Exercise instructions =
Without the pictures, write the listing below out again, line for line.

Data =
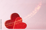 Two red hearts rest side by side with golden sparkles on a pink background, symbolizing romance, passion, and the magic of Valentine's Day love.
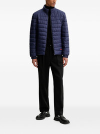 zip-fastening quilted jacket Highlights - Navy blue - Quilted design - Zip fastening - High neck - Elasticated cuffs - Side pockets Imported Composition Polyester 100% Washing instructions Read Manufacturer Guidelines
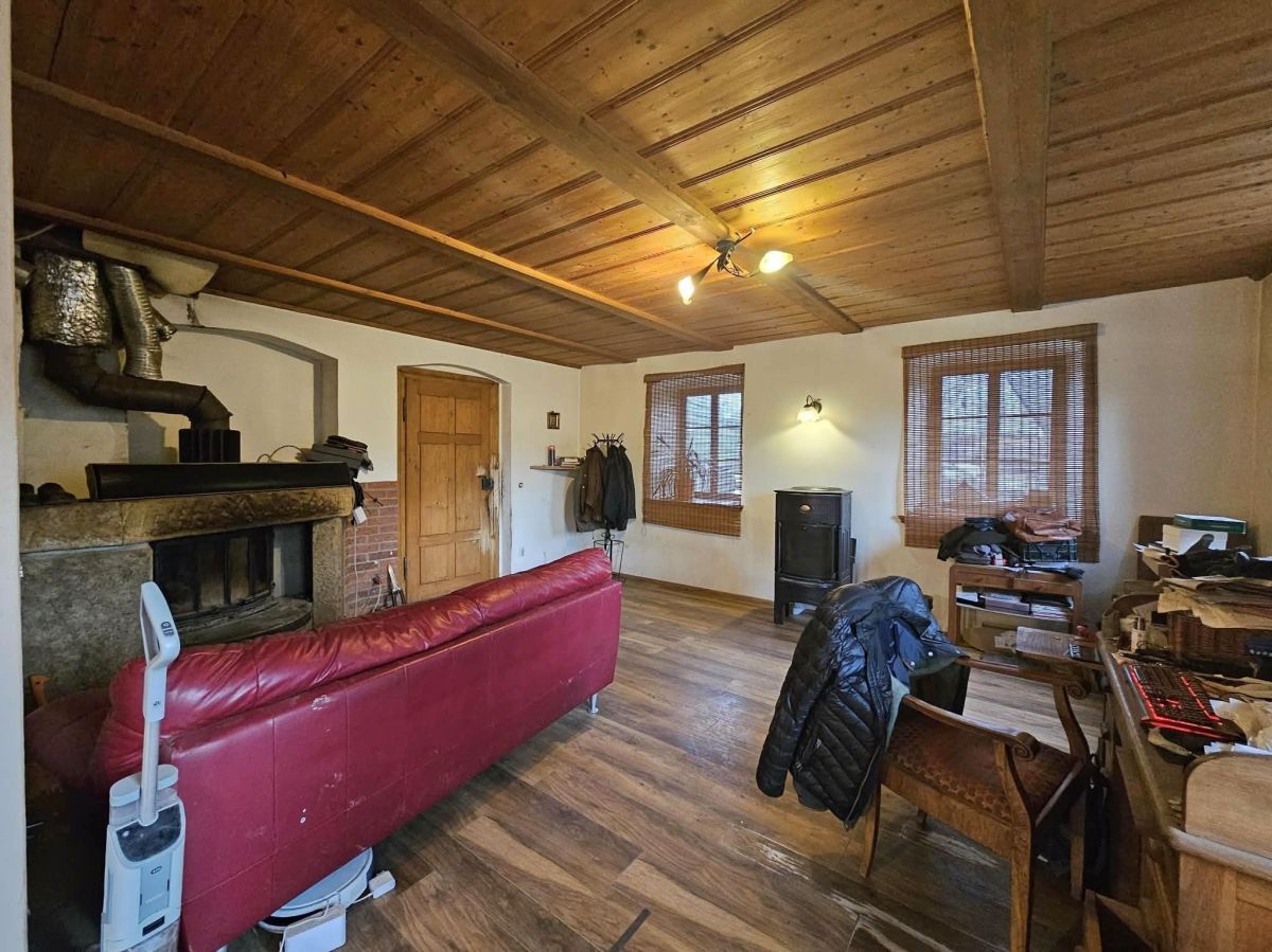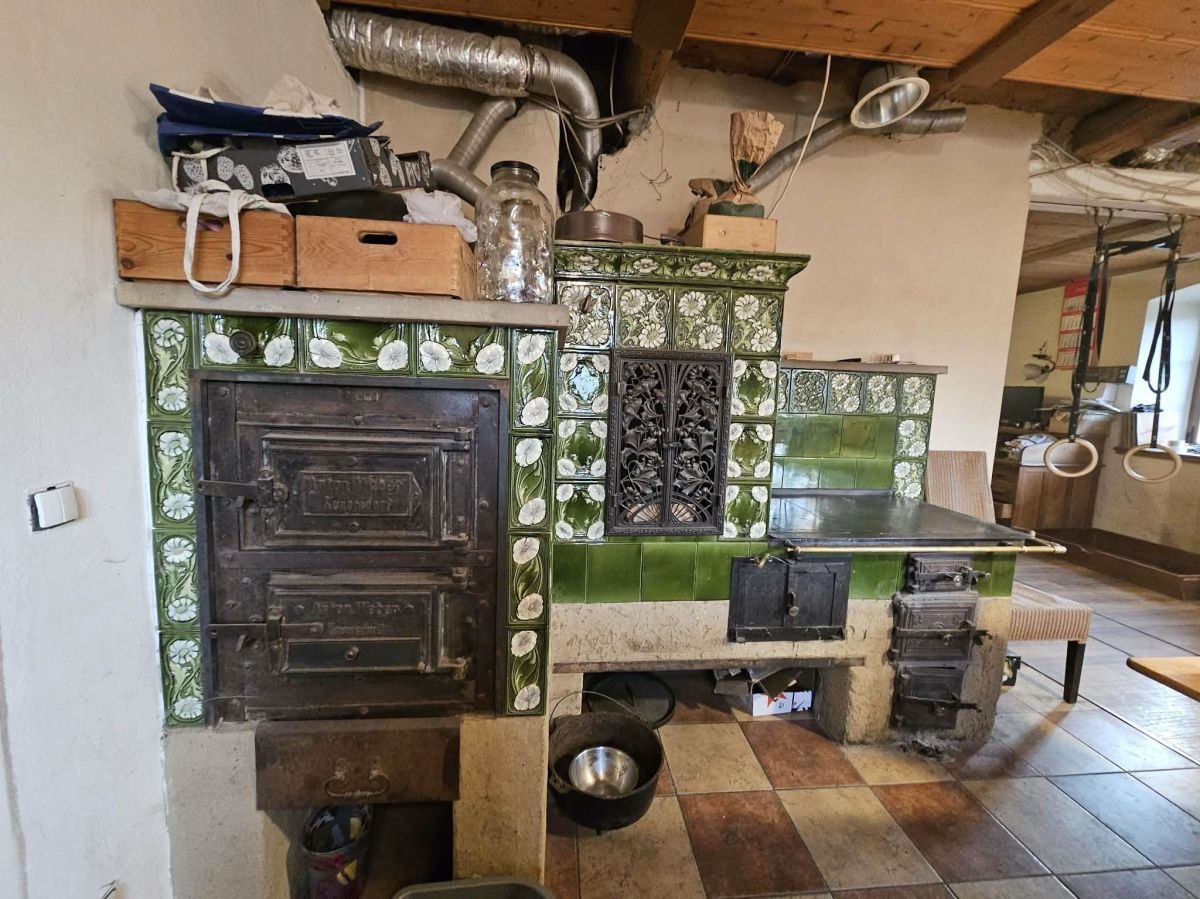 - salon połączony z kuchnią w której jest stary kuchenny piec

Answer box =
 Two red hearts rest side by side with golden sparkles on a pink background, symbolizing romance, passion, and the magic of Valentine's Day love.
 zip-fastening quilted jacket Highlights - Navy blue - Quilted design - Zip fastening - High neck - Elasticated cuffs - Side pockets Imported Composition Polyester 100% Washing instructions Read Manufacturer Guidelines
 - salon połączony z kuchnią w której jest stary kuchenny piec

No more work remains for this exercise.